Wednesday 11 August 2021 6:06 AM UTC
LONDON Aug 11: A-level students have received more A and A* grades this year than ever before after exams were cancelled for a second time due to the coronavirus pandemic. A-level, AS-level and GSCE exams were cancelled in January due to the ongoing disruption caused by COVID-19. Instead teachers used mock results, coursework and in-class assessments to determine students’ grades this summer.
More than two in five sixth formers (44.8%) were awarded A or A* grades this year, which is up 6.3% on last year’s 38.5%. The number of students with A* grades has also risen dramatically – by 19.1% – which is the highest figure since A*s were introduced in 2010.
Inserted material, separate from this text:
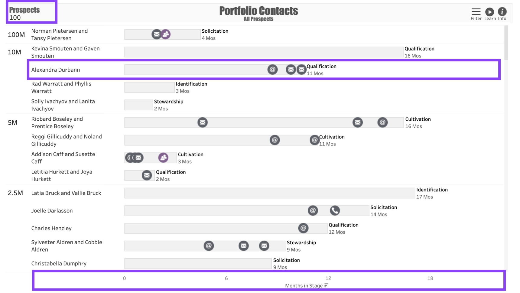 The body of the dashboard shows Prospects arranged by their Gift Capacity. Each prospect name is followed by a Timeline showing how long the prospect has been in their current Stage. Along the timeline are Icons representing the timing and nature of each touchpoint that has happened since the prospect entered their current stage. Hovering over any of the icons will cause a Tooltip to appear that summarizes the Interaction represented by the icon.

The secretary of state for education said that grade inflation was justified this year because of the pandemic and the system would not return to normal next year.
A record number of students have been accepted on to UK degree courses this year, Ucas figures show. In total, 435,430 students have had places confirmed on an undergraduate course in the UK, up 5% on the same point last year, according to data published by the university admissions service. A record 395,770 students have been accepted on their first choice full-time undergraduate course in the UK, up 8% from 365,500 in 2020.
Keralite students in the UK too had a huge success with many achieving As and A*s. Reports say that most of them are looking to do Medicine in top notch universities.
Meanwhile, Year 11 students will collect their GCSE results tomorrow (Thursday 12 August), from 8am. Students will be given grades determined by teachers, rather than exams, with pupils only assessed on what they have been taught during the pandemic. All four nations – England, Wales, Scotland and Northern Ireland – adopted a system of awarding grades this summer based on teacher based assessment.